The Liquid Metal project at IBM aims to address the difficulties that programmers face today when developing applications for computers that feature programmable accelerators (GPUs and FPGAs) alongside conventional multi-core processors. Liquid Metal offers a single unified programming language called Lime and a runtime that allows (all) portions of an application to move fluidly between hardware and software, dynamically and adaptively.
Computers today are made up of processors that are general-purpose as well as processors that are programmable but special-purpose. Examples of the latter include graphics processors (GPUs) and reconfigurable fabrics such as FPGAs (field programmable gate arrays).
Programmers are faced not only with the challenge of writing efficient code for general-purpose processors that are now multi-core architectures, but also find themselves facing completely different programming models and languages for GPUs and FPGAs.
For programming GPUs, a programmer might use OpenMP, OpenCL, or CUDA. OpenCL is an increasingly popular approach because it is backed by a standard specification, and a number of processor vendors are actively supporting OpenCL on their architectures.

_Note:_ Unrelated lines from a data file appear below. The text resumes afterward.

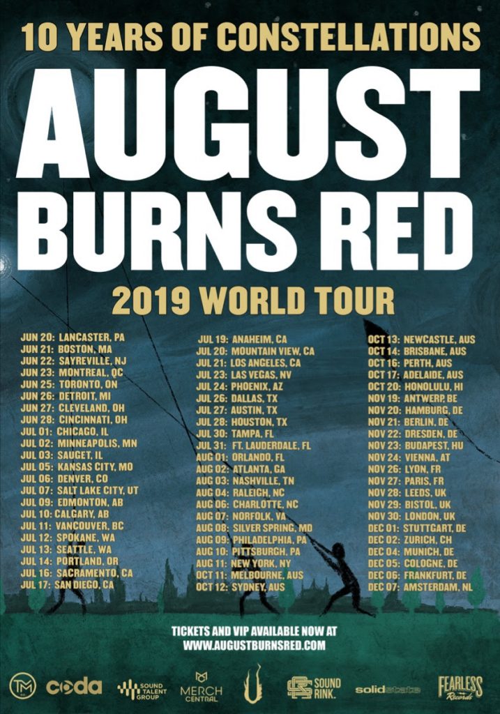 August Burns Red released their overall third studio effort Constellations ten years ago. To celebrate the decade milestone, the group has announced a 10-Year Anniversary World Tour as they plan to play in its entirety. The trek kicks off on June 20th in Lancaster, PA and will run up until December 7th in Amsterdam. The North American leg of the tour will run from June 20th up until August 11th in New York City as Silverstein and Silent Planet will support the North American journey. VIP tickets are available now. However, general tickets will go on sale this Friday (15th) at 10am local time.
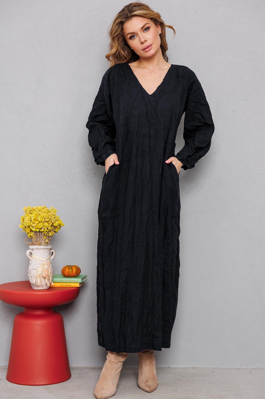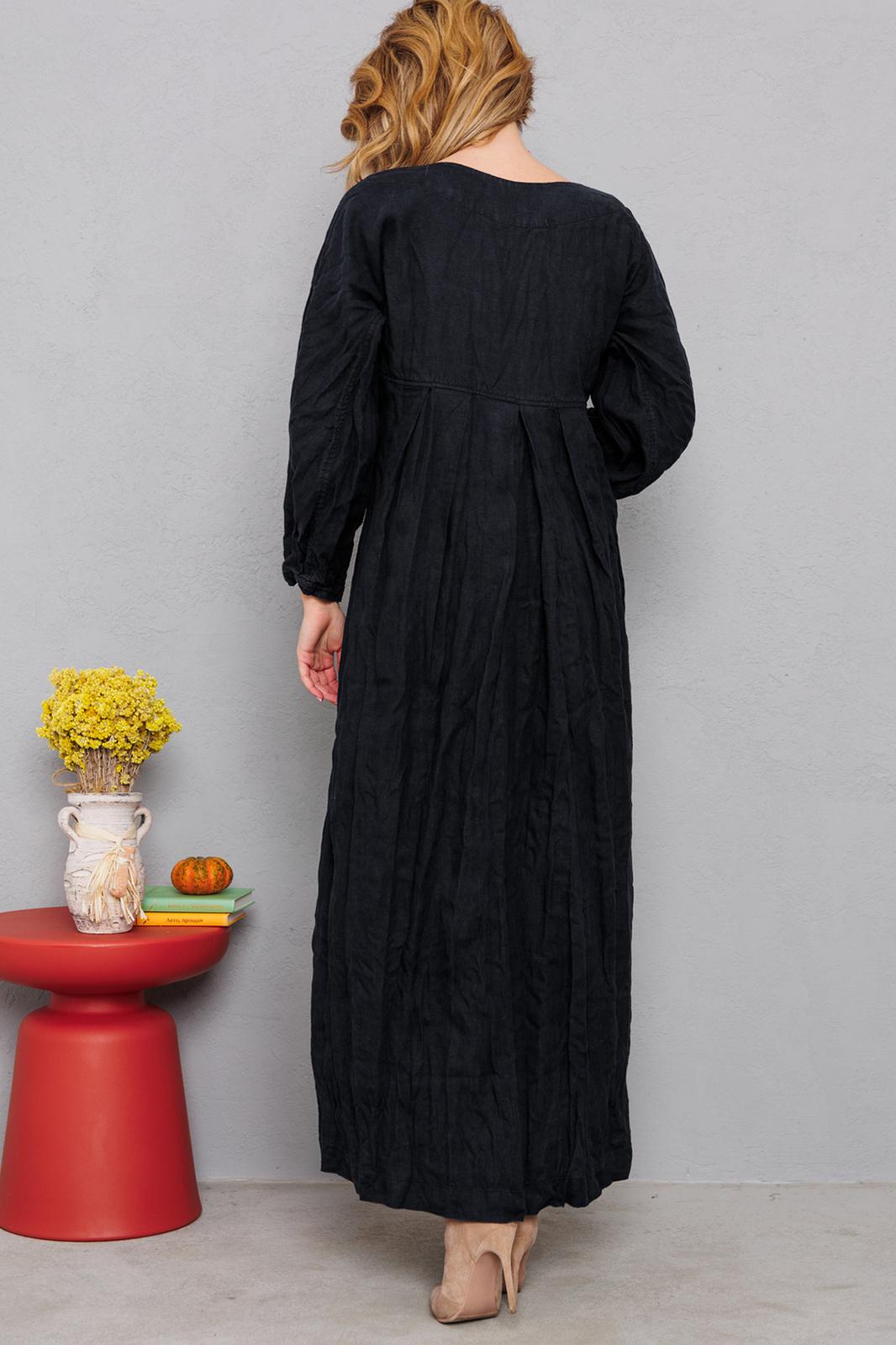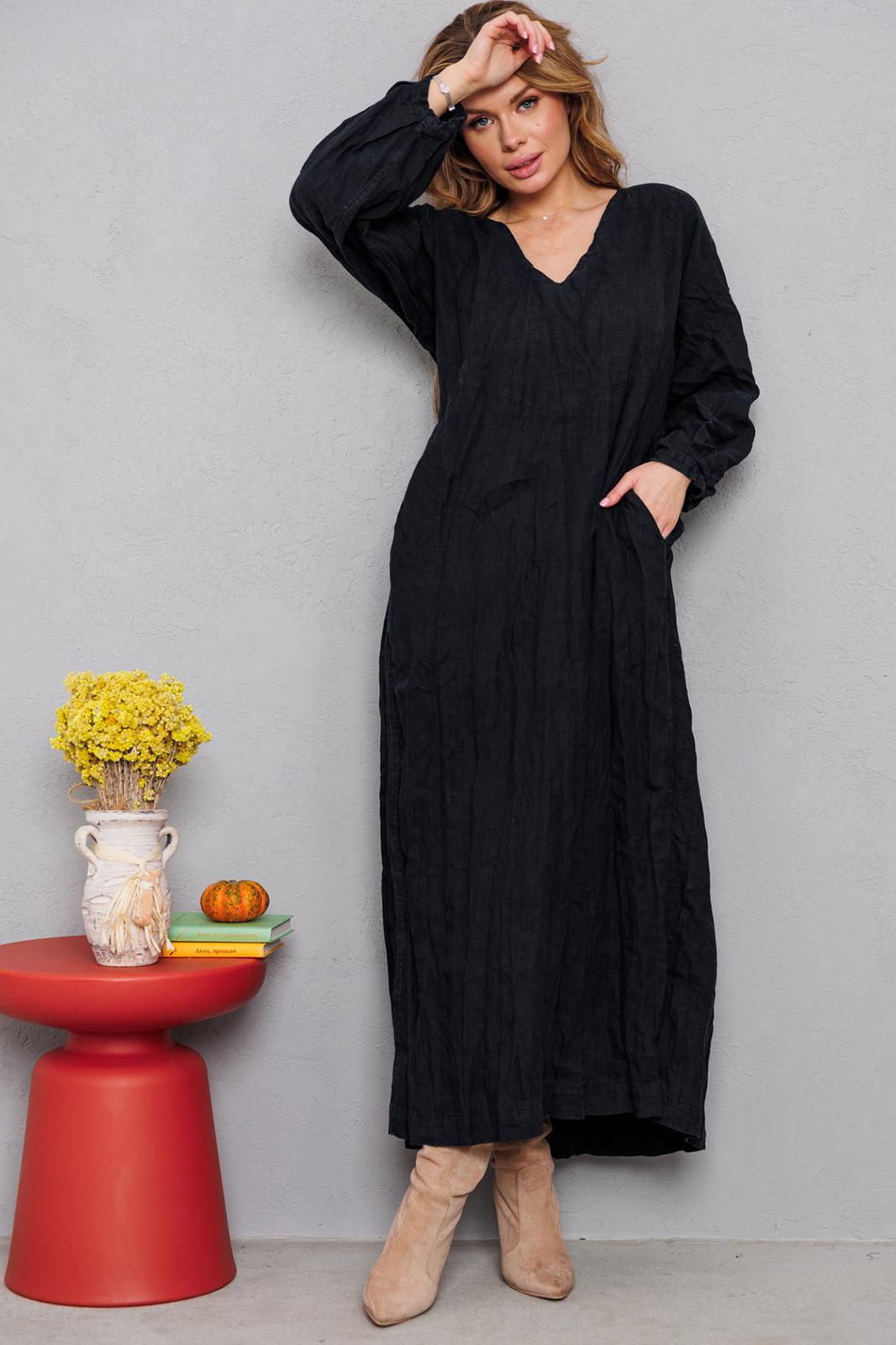 Натуральное льняное шикарное платье со смыслом. Каждое платье бренда А М У Л Е Т создано с применением древних славянских принципов по изготовлению обережной одежды. Горловина глубоким уголком, по переду интересные карманы, по спинке очень красиво струящиеся широкие складки и рукав 7/8 со складочками по низу. Всё вместе смотрится очень гармонично и эффектно. На фото из-под платья выглядывает второе платье. Это для утепления можно надевать нашу модель №9729. Заказывается отдельно. На груди всех платьев идёт очень глубокая обтачка уголком к талии, что создает эффект стройности и дополнительно защищает грудь и позволяет ходить без нижнего белья. Обращаю Ваше внимание на то, что к заказу надо подходить осознанно, с пониманием ценности, а возвраты или неоплата, не в вашу копилку Благочестия, как говорится ). Мы Вас Любим и в комплекте к платью прилагаем сумку-шопер с логотипом бренда. Это Платье для Радости и Благости! Наслаждайтесь!
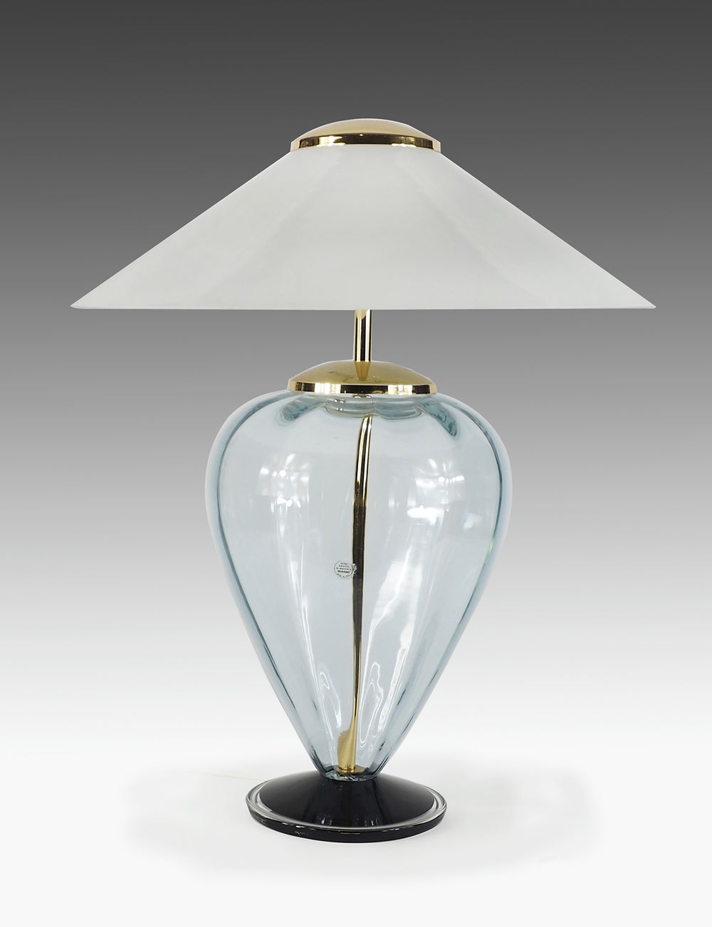 Grande lampada da tavolo in vetro di Murano trasparente con paralume lattimo. H. cm. 65.

FPGAs on the other hand lack a single programming standard that is considered sufficiently high-level and accessible to skilled software programmers. Instead, the predominant practice is to write code in hardware description languages such as Verilog, VHDL, or Bluespec. The semantic gap between these languages, and high level object-oriented languages such as C++ or Java is quite wide, leaving FPGAs largely inaccessible to software developers.
Liquid Metal offers a single unified programming language (Lime) and runtime for programming hybrid computers comprised of multi-core processors, GPUs, and FPGAs. The increasing availability of such computing platforms makes for an exciting opportunity where high-performance and low-power computing can be realized by skilled software programmers in a single language and semantic domain. Lime extends a familiar imperative programming model with functional programming, stream computing, bit-level processing, and conveniences derived from hardware description languages.